Amides and Acetamides The commonly used amides and acetamides include bensulide, dimethenamid-P and propanil and are slightly to moderately hazardous in normal use. Dimethenamid is a racemic mixture of the M and P stereoisomers, whereas P isomer has useful herbicidal activity. Both substances produce only mild reversible skin and eye irritation and skin sensitization in guinea pigs. Comparison of racemic dimethenamid with dimethenamid-P indicates that there is little difference in their toxicological profiles. The signs of toxicity in mice, rats and dogs are similar, with reduced BW gain and liver enlargement with induction of liver xenobiotics metabolizing enzyme. There is strong binding to hemoglobin in rats, but this has no relevance to humans. Dimethenamid can reduce fetal BW but is not teratogenic. There is no compound-related mutagenic or carcinogenic potential (JMPR, 2005).

Dinitrophenol Compounds Several substituted dinitrophenols alone or as salts, such as DNP (2,4-dinitrophenol), DNOC (dinitro-o-cresol) and dinoseb (2-(1-methylpropyl)-4,6-dinitro), are used as herbicides. The main source of poisoning in animals is human negligence in removing the preparation if it spills, in disposing of the containers and in preventing animals access to treated fields. In general, the dinitro compounds are not very watersoluble and are highly hazardous to animals. The oral acute LD50 of DNOC in mice, guinea pigs, rabbits, hens, dogs, pigs and goats ranges from 25 to 100 mg/kg BW. In sheep, a dosage of 25 mg/kg/day causes toxicosis in 25 days. Clinical signs include fever, dyspnea, acidosis, oliguria, muscular weakness, tachycardia and convulsions followed by coma and death with a rapid onset of rigor mortis. Abortions have been reported in sows. In cattle and ruminants, methemoglobinemia, intravascular hemolysis and hemoproteinemia have been observed. Cataract

can occur with chronic dinitrophenol intoxication. Exposure to these compounds may cause yellow staining of skin, conjunctiva, or hair (Lorgue et al., 1996).

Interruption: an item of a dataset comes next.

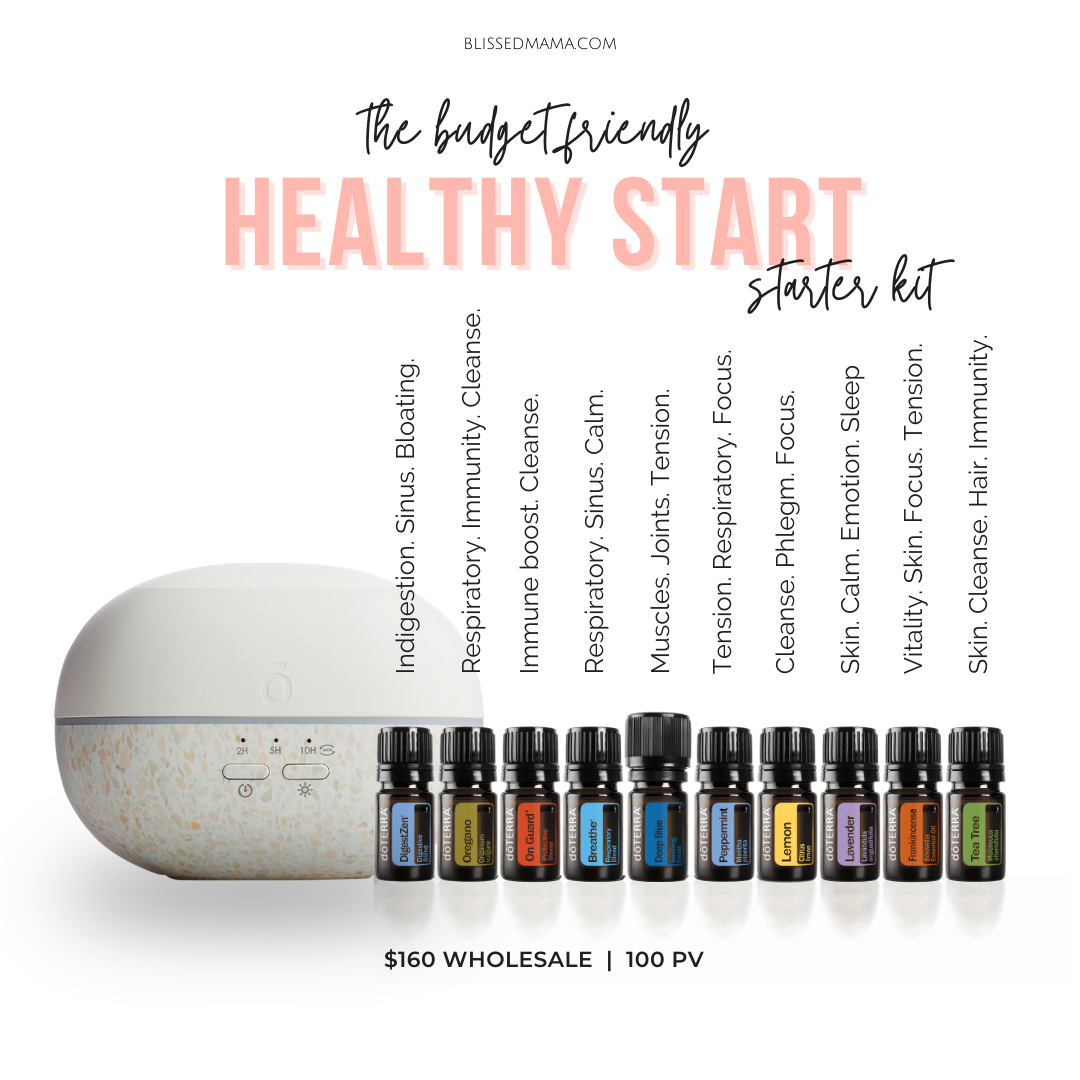 The Healthy Start Enrollment Kit comes with 10 pure essential oils and blends, as well as the Pebble Diffuser. This is a great kit to get started with when beginning to use essential oils. Many new people start with this kit and love it. The oils included in this kit are some of doTERRA’s best-selling and most versatile oils.
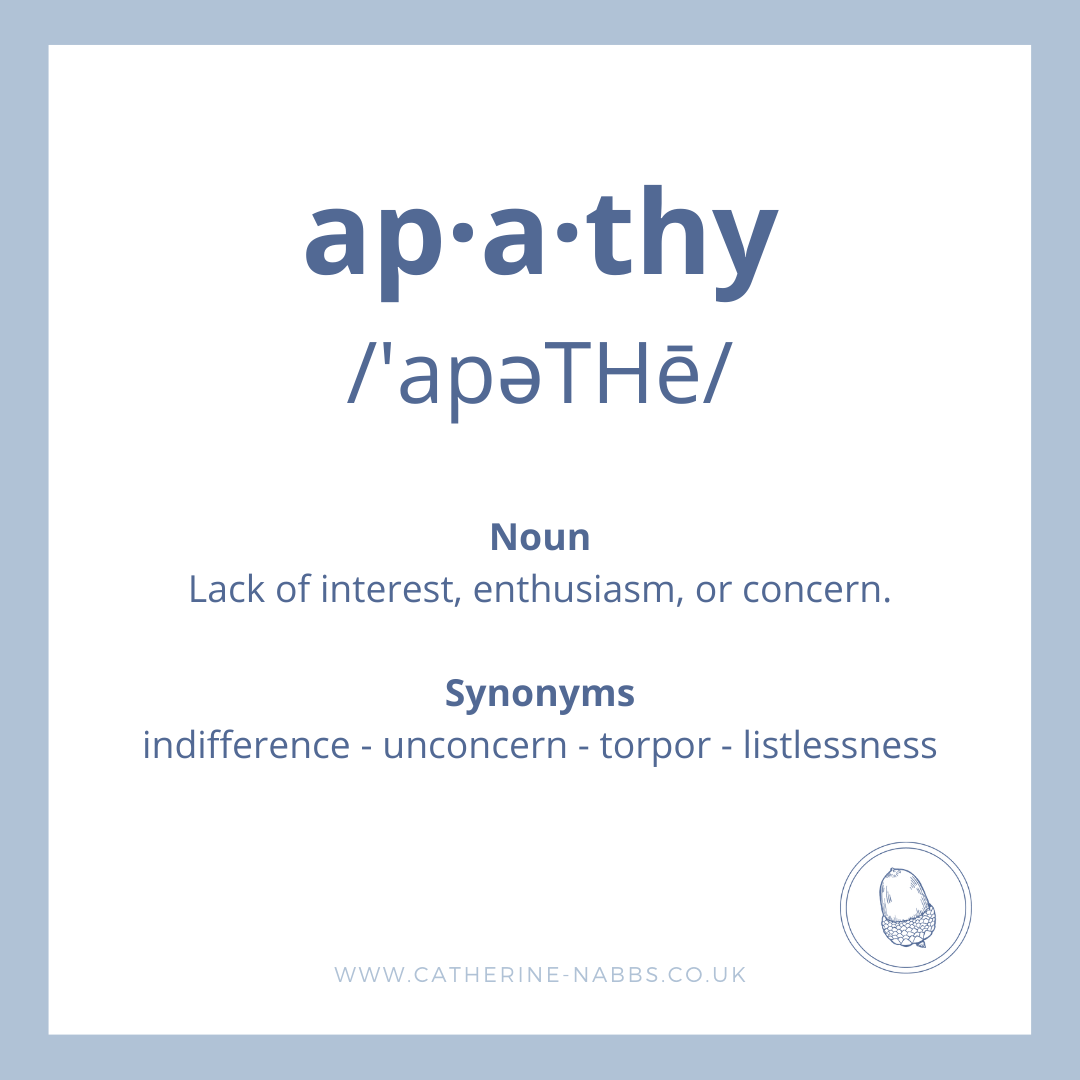 “I can’t be bothered…”, “I just can’t motivate myself…” – sound familiar? Have you recently looked at your list of things to do and struggled to get started with anything? Have you sat down in front of the television to watch one episode, and three episodes later not yet moved off the sofa? Have you started the day with good intentions, but found yourself unable to start anything? If so, you may be suffering from apathy. Apathy is a lack of compelling emotion to take action. Psychological research has shown that to take meaningful action you need to experience feelings about it. Apathy means you just don’t feel enough in that moment to move forward with purpose. I think if we have a quick look at the causes of apathy* it may become apparent why so many of us are feeling unmotivated at the moment: A major life or global event: when an even happens that we hadn’t anticipated, the distress caused can be so overwhelming it manifests as apathy. We can feel demoralised, pessimistic and maybe even cynical. A boring routine: when we feel like every day is the same, that Groundhog Day experience can wear us down and make us feel as though there is nothing to look forward to. Apathy can make us give up on creating joy or chasing dreams. Being overwhelmed: sometimes rather than the routine being boring, we can feel overwhelmed, this can lead to indifference or a lack of energy as we don’t know where to start or feel like any effort we make will only effect minimal progress or change. Anxiety: this is very often the primary cause of apathy – emotional fatigue, loss of happiness, difficulty enjoying yourself and low serotonin (the happy hormone) are all signs of anxiety that can translate into apathy. Most of us are experiencing at least one of these at the moment, which would explain why I am hearing time and time again how hard it is for people to motivate themselves. So what can we do about it? I think anyone who has experienced apathy will agree that it becomes a bit of a vicious cycle. The less you do, the more there is to do, so the more overwhelmed and anxious you feel which leads to apathy and doing less… and so it goes on (with slight variations!) The first thing is to decide what is the easiest thing you can do to pull yourself out of this? Make a list of what needs to get done, or what isn’t working for you (even the act of making a list will be a slight shift), and then commit to doing one small thing on the list. Think about ways you can vary your routine. Is it trying a new recipe, finding a new walk, starting your morning in a different way? An injection of novelty can give your energy a boost. Goal setting can be helpful as long as it’s realistic and not too overwhelming. If it feels too big, break it down into stages and manageable chunks. The point here is to be forward looking and engaged in something purposeful We’ve all be thrown out of our usual daily life over the past few months, so it may be worth looking back and remembering what brought you joy and made you feel enthusiastic before life changed – is there any way you can bring back activities in some way that made you feel alive and happy? There are also things that we know reduce anxiety that we can all monitor to make sure they are a regular part of our lives, which may also help with apathy: Keep busy – you may not be feeling energised, but keeping busy can distract your mind from anxiety. This is linked to goal setting and looking back to things that you have found meaningful in the past. This also gives us the opportunity to make new, positive memories that may help with apathy and anxiety. Spend time with friends – now that we are able to go for socially distanced meet-ups, try to make sure you see friends in person if you are able and it is safe, otherwise arrange regular phone or zoom calls. Seeing friends is a major mood-booster and when we are anxious or apathetic it can be easy to cancel plans – try to make sure you keep those arrangements even if you’re not feeling like it. Exercise – even though you may not feel like it, exercising can improve your mood, reduce apathy and give you a sense of accomplishment. Professional help – if you are suffering and things feel helpless, there really is no need to do this alone. You can read more about how to find an online counsellor on my blog . Above all, practice self-compassion, understanding and empathy. The task now is to quiet your inner critic and move past the negative messages you may have about yourself. Congratulate yourself for any small steps that you make; be gentle with yourself when things don’t go exactly as you had hoped, and celebrate your decision to move forward with purpose and in a way that feels right for you right now. •please note that apathy can be a sign of some medical conditions, so these should be ruled out first if you are at all concerned.

Triazolopyrimidine Herbicides Triazolopyrimidine herbicides include cloransulammethyl, diclosulam, florasulam, penoxsulam, flumetsulam, metosulam, and pyroxsulam. The generic structure of the triazolopyrimidine herbicides connected to a substituted phenyl ring through a sulfonamide bridge is shown in the second edition of this book. The acute oral toxicity of triazolopyrimidine herbicides is very low. On repeated exposure, the primary organs are the kidney (rat and mouse), liver (rat, mouse, and dog) and thyroid (rat) (Billington et al., 2010). In dogs, the target organ is eye as compared to other species (Timchalk et al., 1996). No adverse effects on neurotoxicity, reproductive performance and mutagenic abnormalities have been observed. The compound has no carcinogenic potential in humans (EPA, 1997a,b).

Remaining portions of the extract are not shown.